* _Exercise goal_:
From the line containing "Completion Incentive: The" down to the last line of the entries, print each line exactly and leave the pictures out.

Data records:
>>>>>
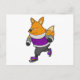 Carte Postale Renard au patinage sur glace avec patins sur glace
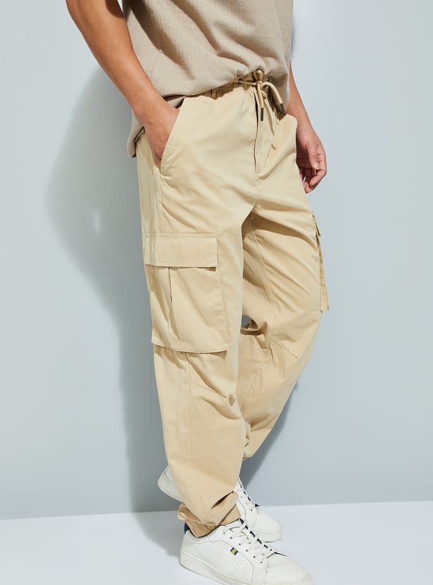 URB_N Men Solid Relaxed Fit Cargo Joggers
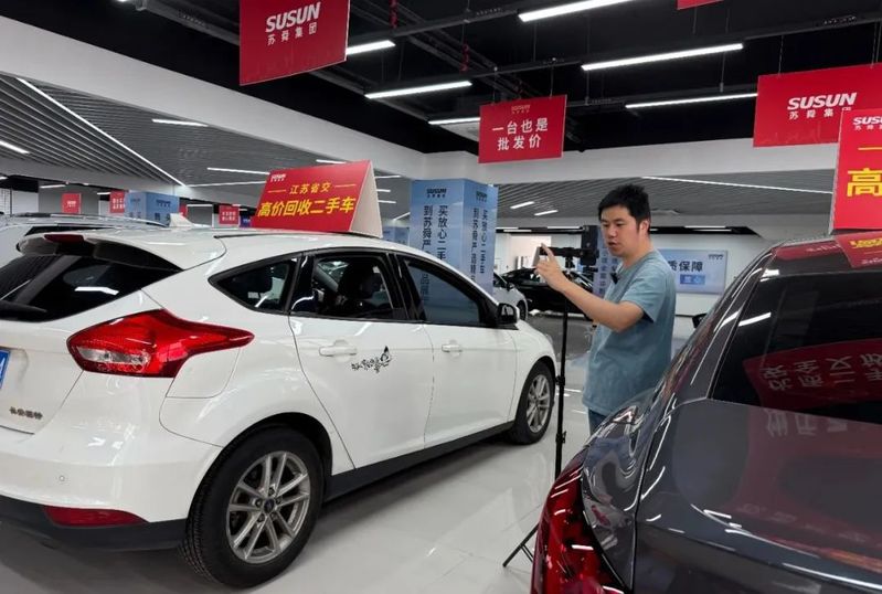 蘇舜省交公司(高端二手車銷售)主播解躍文正在通過鏡頭向客戶全方位展示各款車型,詳細(xì)介紹車輛的外觀、內(nèi)飾、參數(shù)、配置等信息,讓客戶切實感受到“云”購車的貼心、誠心和安心。
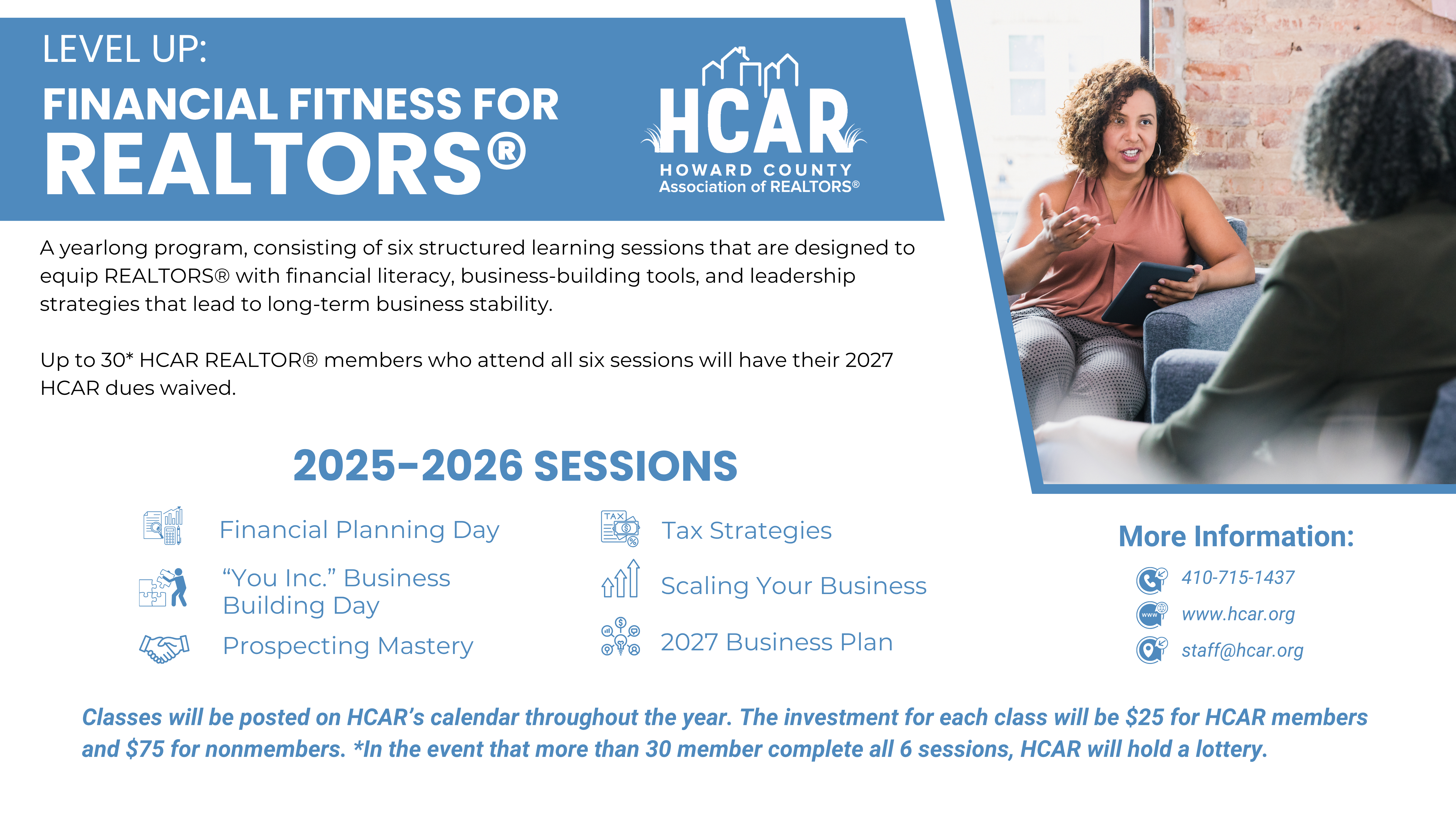 Completion Incentive: The first 30 REALTORS® who attend all six sessions will have their 2027 local association dues waived and be recognized at the Installation & Awards Event.
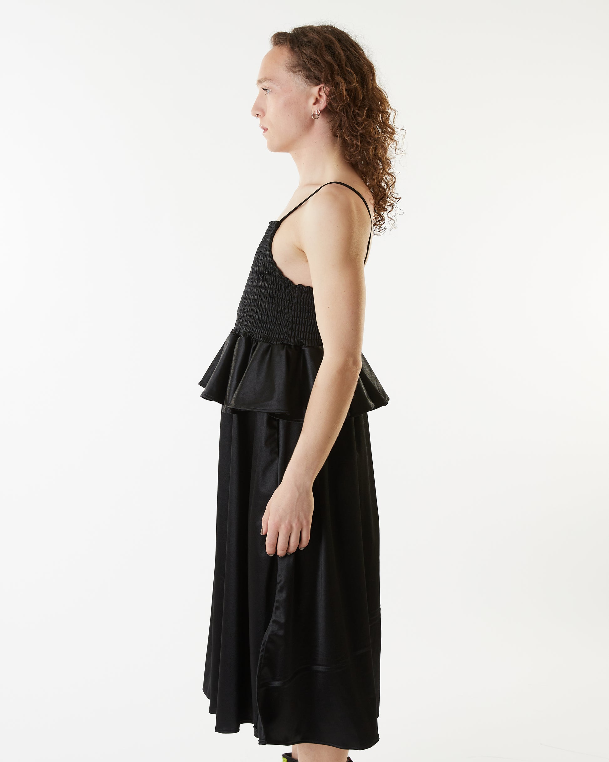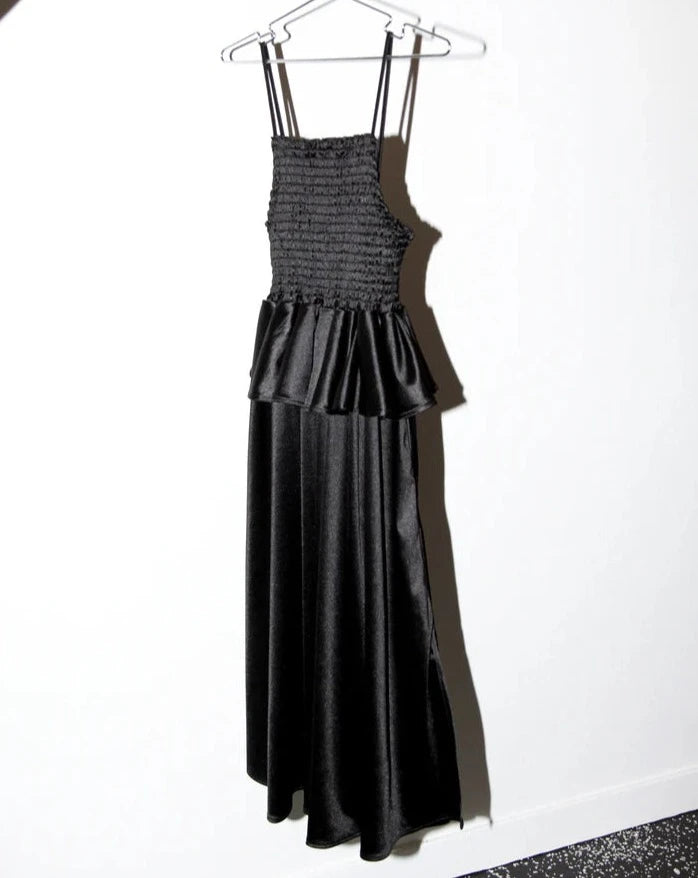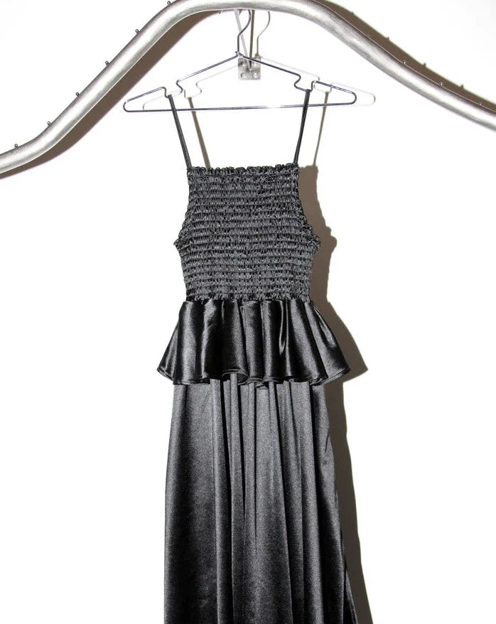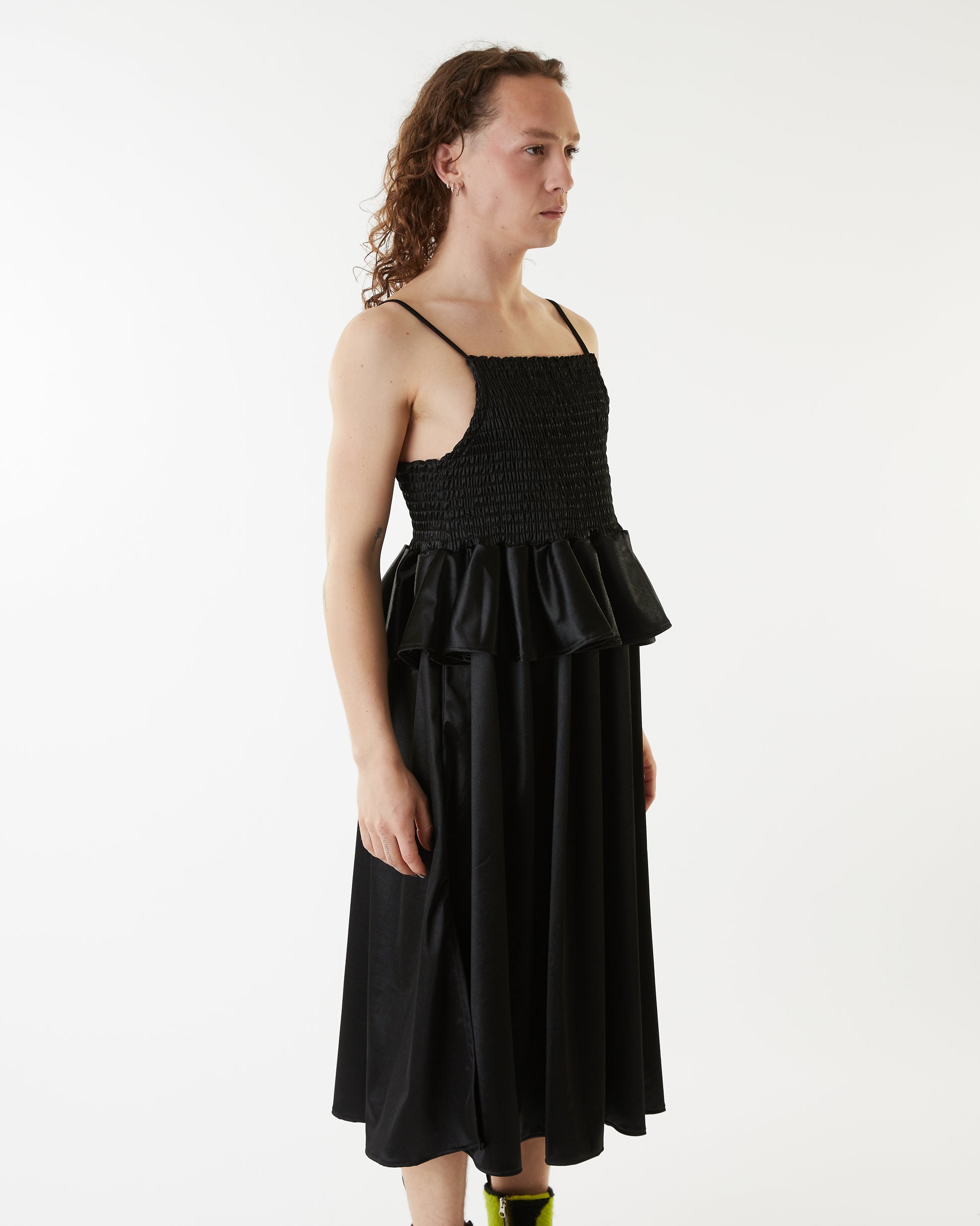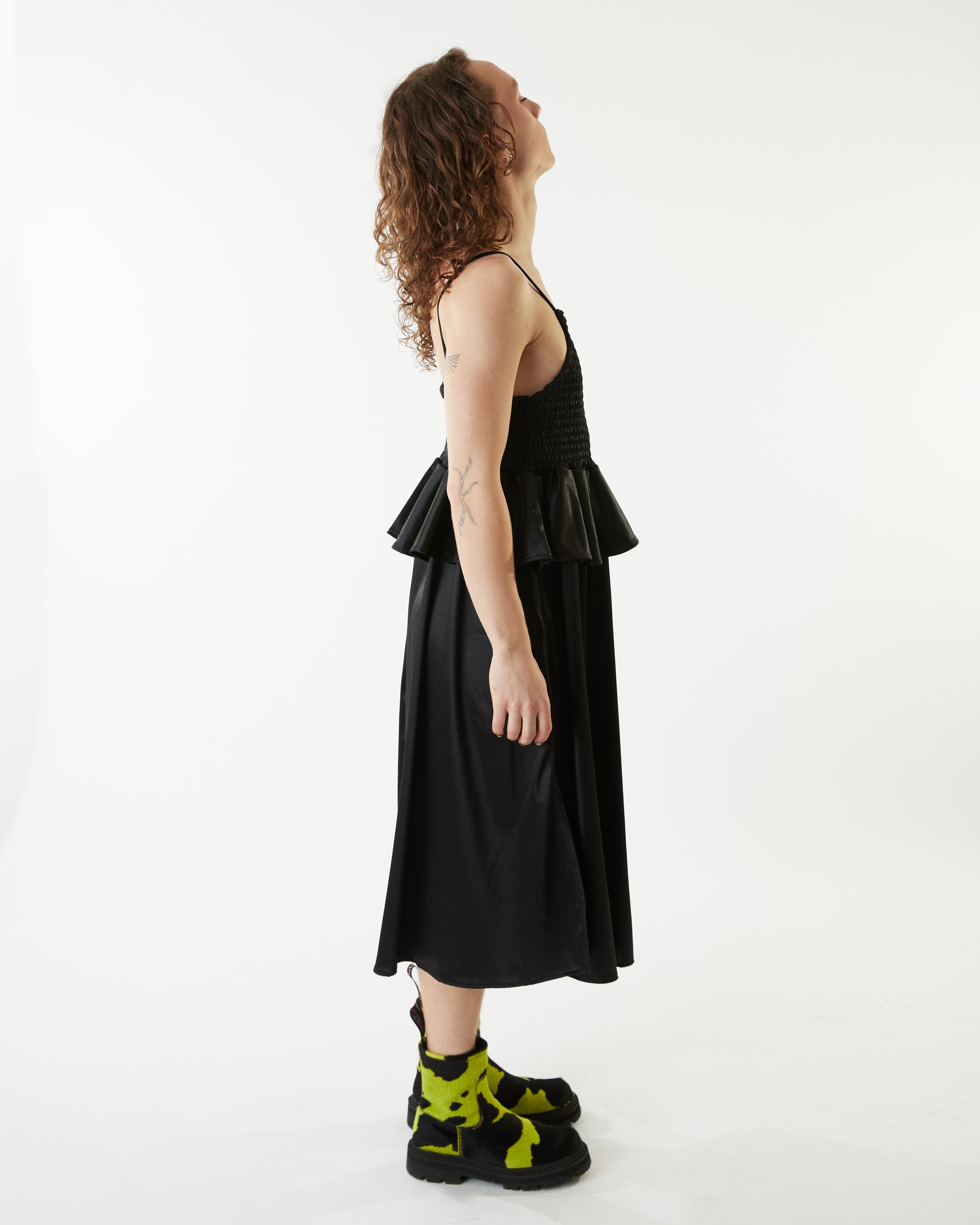 A-line dress with shirred bodice and peplum waist. Made of vintage heavyweight satin.
<<<<<
* _Written response_:
 Completion Incentive: The first 30 REALTORS® who attend all six sessions will have their 2027 local association dues waived and be recognized at the Installation & Awards Event.
 A-line dress with shirred bodice and peplum waist. Made of vintage heavyweight satin.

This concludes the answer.